- [YOUR INSTRUCTIONS]
Take the entries below and reproduce exactly the portion that begins at the line containing "מיטת טיפולים מתקפלת ומתכווננת מעץ - לבן" and ends at the line containing "Рубашка на девочку", keeping both ends, dropping pictures, and adding nothing else.

- [EXTRACTED DATA]
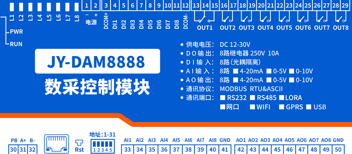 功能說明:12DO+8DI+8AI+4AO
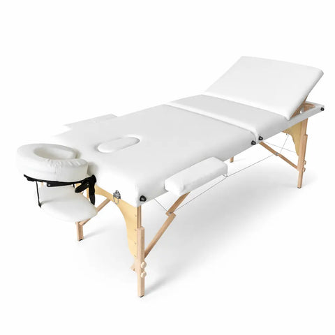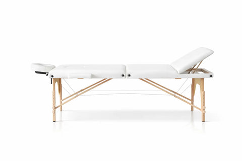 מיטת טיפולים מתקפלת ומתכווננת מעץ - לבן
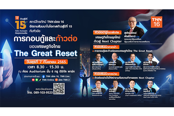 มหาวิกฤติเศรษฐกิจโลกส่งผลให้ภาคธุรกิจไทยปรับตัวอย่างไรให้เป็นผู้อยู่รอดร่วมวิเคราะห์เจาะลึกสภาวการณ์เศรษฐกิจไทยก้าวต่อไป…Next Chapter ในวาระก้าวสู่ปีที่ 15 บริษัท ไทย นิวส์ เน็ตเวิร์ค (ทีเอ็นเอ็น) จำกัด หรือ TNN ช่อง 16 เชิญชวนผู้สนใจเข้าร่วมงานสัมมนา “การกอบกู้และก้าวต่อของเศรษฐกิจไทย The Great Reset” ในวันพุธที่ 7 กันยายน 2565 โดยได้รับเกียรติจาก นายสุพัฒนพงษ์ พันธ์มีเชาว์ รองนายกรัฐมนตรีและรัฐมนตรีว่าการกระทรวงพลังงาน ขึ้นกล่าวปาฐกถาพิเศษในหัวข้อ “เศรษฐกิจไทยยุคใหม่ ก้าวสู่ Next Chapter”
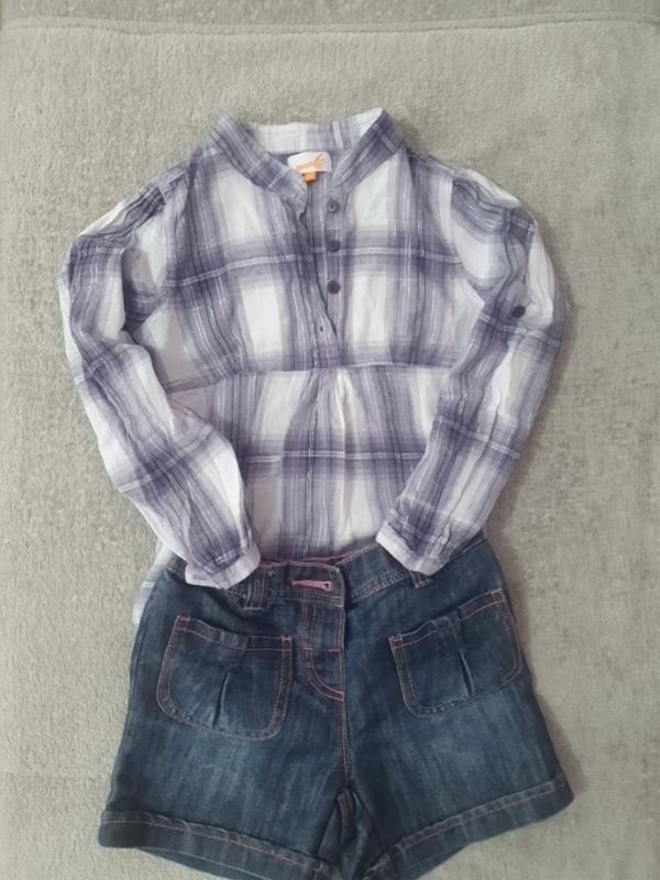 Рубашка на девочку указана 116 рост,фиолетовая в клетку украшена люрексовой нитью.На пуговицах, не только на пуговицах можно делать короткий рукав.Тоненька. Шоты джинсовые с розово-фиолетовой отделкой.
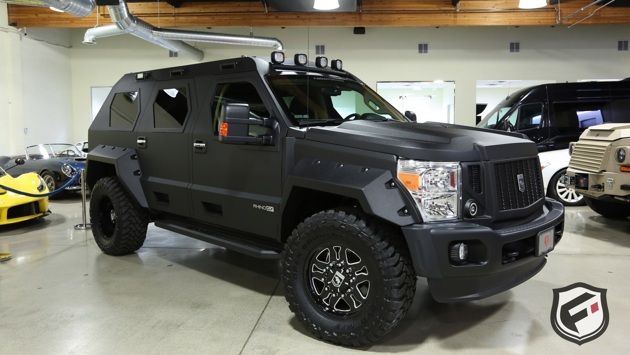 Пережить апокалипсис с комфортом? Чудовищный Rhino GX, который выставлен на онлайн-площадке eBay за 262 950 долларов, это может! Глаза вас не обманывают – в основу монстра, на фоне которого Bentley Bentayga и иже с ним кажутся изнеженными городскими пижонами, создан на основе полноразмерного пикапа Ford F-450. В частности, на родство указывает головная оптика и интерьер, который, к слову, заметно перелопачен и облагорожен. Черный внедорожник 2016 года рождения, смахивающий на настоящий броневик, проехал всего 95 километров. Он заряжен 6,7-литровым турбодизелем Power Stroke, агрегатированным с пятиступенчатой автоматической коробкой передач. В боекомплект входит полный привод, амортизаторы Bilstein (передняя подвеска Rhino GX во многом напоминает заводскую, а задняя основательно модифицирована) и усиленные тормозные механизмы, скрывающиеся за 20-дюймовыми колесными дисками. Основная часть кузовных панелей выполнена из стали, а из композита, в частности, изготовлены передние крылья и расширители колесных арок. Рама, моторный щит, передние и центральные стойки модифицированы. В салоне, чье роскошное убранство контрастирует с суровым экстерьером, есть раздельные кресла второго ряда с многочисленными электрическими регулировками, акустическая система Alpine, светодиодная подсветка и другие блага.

- [OUTPUT BELOW]
 מיטת טיפולים מתקפלת ומתכווננת מעץ - לבן
 มหาวิกฤติเศรษฐกิจโลกส่งผลให้ภาคธุรกิจไทยปรับตัวอย่างไรให้เป็นผู้อยู่รอดร่วมวิเคราะห์เจาะลึกสภาวการณ์เศรษฐกิจไทยก้าวต่อไป…Next Chapter ในวาระก้าวสู่ปีที่ 15 บริษัท ไทย นิวส์ เน็ตเวิร์ค (ทีเอ็นเอ็น) จำกัด หรือ TNN ช่อง 16 เชิญชวนผู้สนใจเข้าร่วมงานสัมมนา “การกอบกู้และก้าวต่อของเศรษฐกิจไทย The Great Reset” ในวันพุธที่ 7 กันยายน 2565 โดยได้รับเกียรติจาก นายสุพัฒนพงษ์ พันธ์มีเชาว์ รองนายกรัฐมนตรีและรัฐมนตรีว่าการกระทรวงพลังงาน ขึ้นกล่าวปาฐกถาพิเศษในหัวข้อ “เศรษฐกิจไทยยุคใหม่ ก้าวสู่ Next Chapter”
 Рубашка на девочку указана 116 рост,фиолетовая в клетку украшена люрексовой нитью.На пуговицах, не только на пуговицах можно делать короткий рукав.Тоненька. Шоты джинсовые с розово-фиолетовой отделкой.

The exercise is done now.